Insight
We’ve never been more hygienic—antibacterial soaps, disinfectants, ultra-clean food environments.
And yet, we’re seeing more digestive disorders, food sensitivities, and immune dysregulation than ever before.
The gut microbiome evolved in constant contact with the natural world—soil, plants, animals, and a wide range of microbes. When that exposure is reduced, diversity declines. And when diversity declines, resilience goes with it.
The goal was protection, but the unintended consequence may be depletion.
Patient Story
A patient once told me she sanitized everything—hands, countertops, doorknobs—multiple times a day.
She also struggled with persistent bloating, food sensitivities, and a gut that seemed increasingly reactive.
We didn’t eliminate hygiene—we recalibrated it. Less constant sterilizing, more real food, more time outdoors, more microbial exposure.

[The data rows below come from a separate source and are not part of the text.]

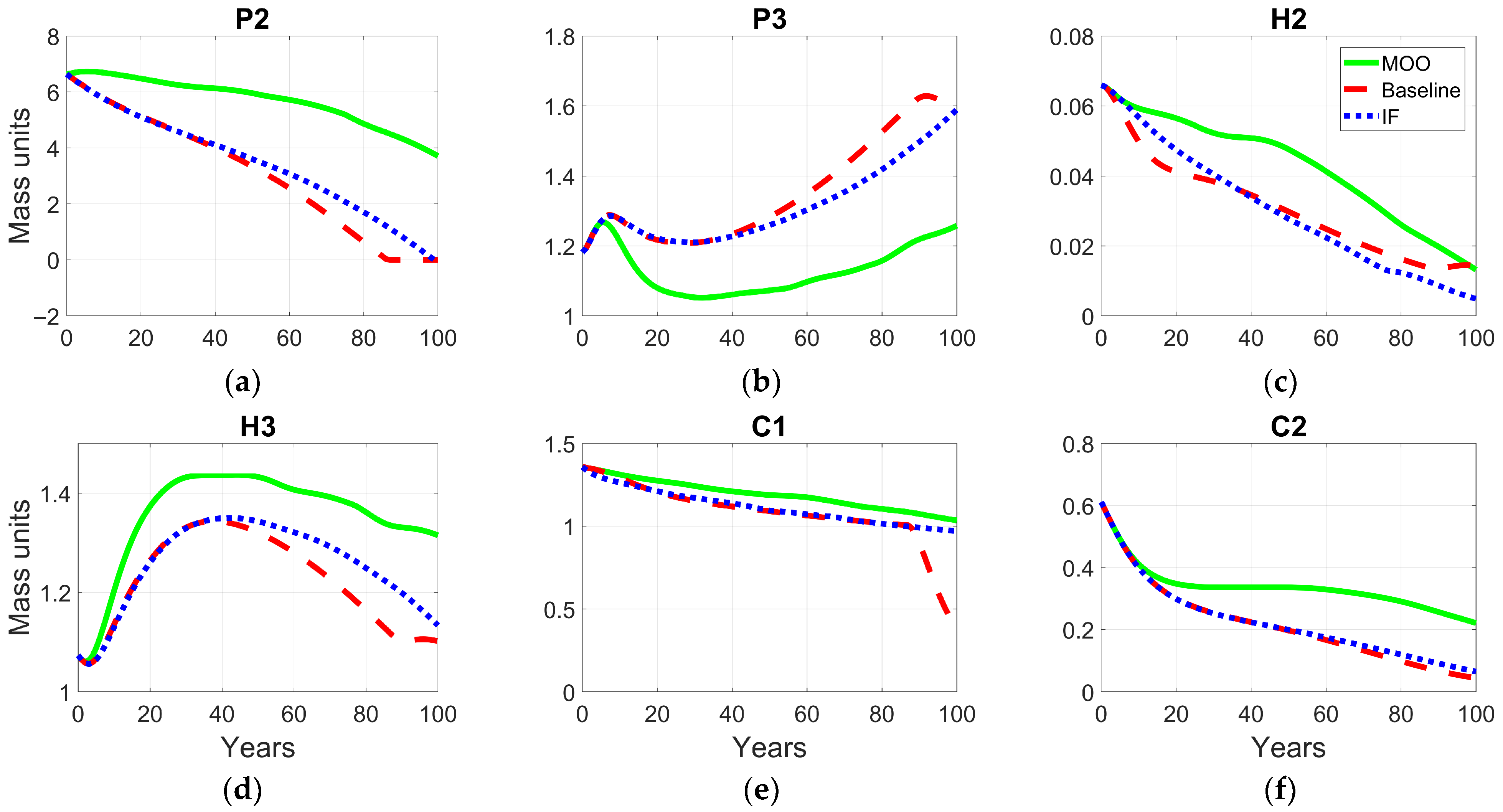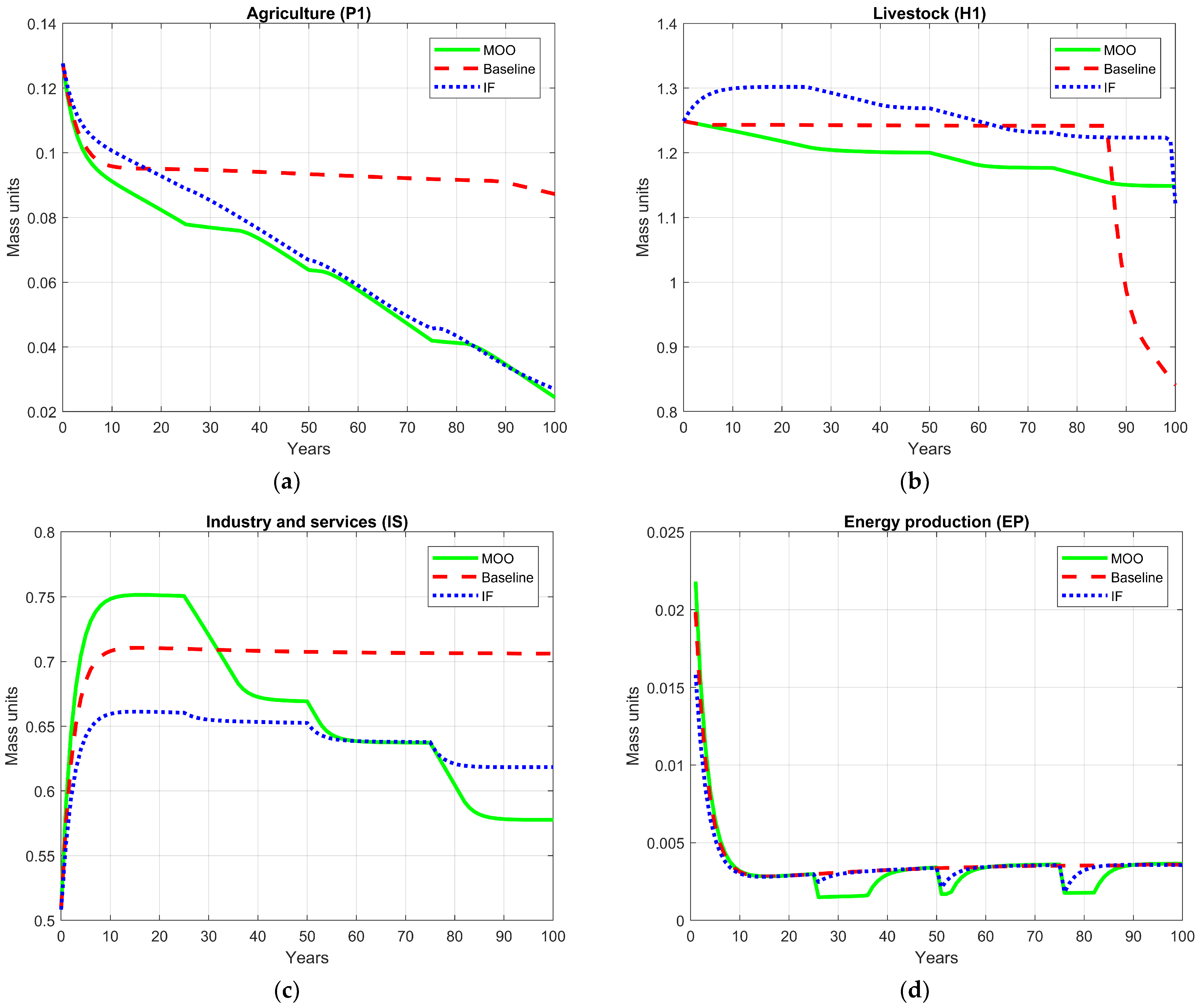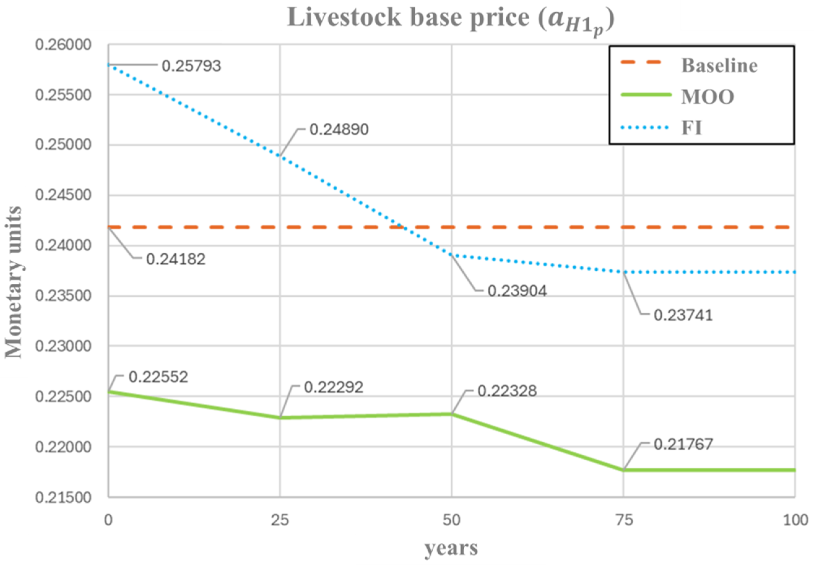 - Prices of livestock herbivores (): analogous to the agricultural case but applied to the livestock sector, this variable represents pricing or subsidy mechanisms that can regulate the intensity of animal production and its associated environmental impact.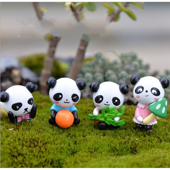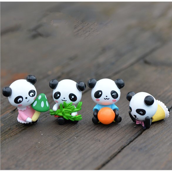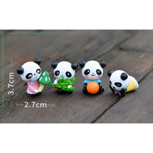 Combo 04 mô hình gấu trúc nhỏ đáng yêu thích hợp trang trí tiểu cảnh, móc khóa, DIY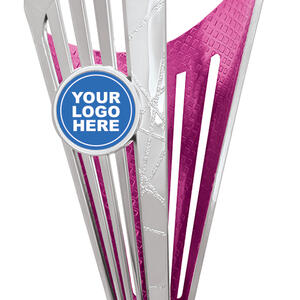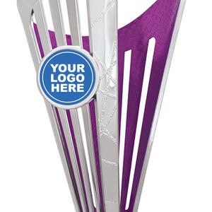 This striking plastic trophy cup combines sleek silver tones with bold highlights in blue, red, purple, green, or pink. Its abstract, contemporary shape is crafted from durable plastic, offering a modern touch for a range of general sports awards. Featuring a customisable logo area and a black base, this trophy is designed for memorable, professional recognition.

Over time, her digestion became more resilient—not because we removed risk, but because we restored balance.
Food or Habit
Diversity doesn’t just come from food—it comes from exposure.
- Supporting the microbiome isn’t only about what you eat, but what you interact with:
- Fresh, minimally processed foods
- Soil-based exposure (gardening, outdoor time)
- Less reliance on antibacterial products in non-critical settings
- Fermented foods to introduce beneficial microbes
The gut thrives on contact with the natural world—not isolation from it.
Clarifier
This isn’t about abandoning hygiene.
Handwashing, safe food handling, and infection control remain essential.
But there’s a difference between targeted hygiene and constant sterilization.
The problem isn’t cleanliness.
It’s the loss of microbial exposure in everyday life.
We don’t need to live in a sterile environment.
We need to live in a balanced one.
Gutbliss Challenge
This week, add one small dose of “beneficial exposure” each day:
- Eat a meal outside
- Let your kids play in the dirt (without immediate sanitizing)
- Rinse produce instead of over-washing it
- Purchase food from a farmer’s market… with dirt on it!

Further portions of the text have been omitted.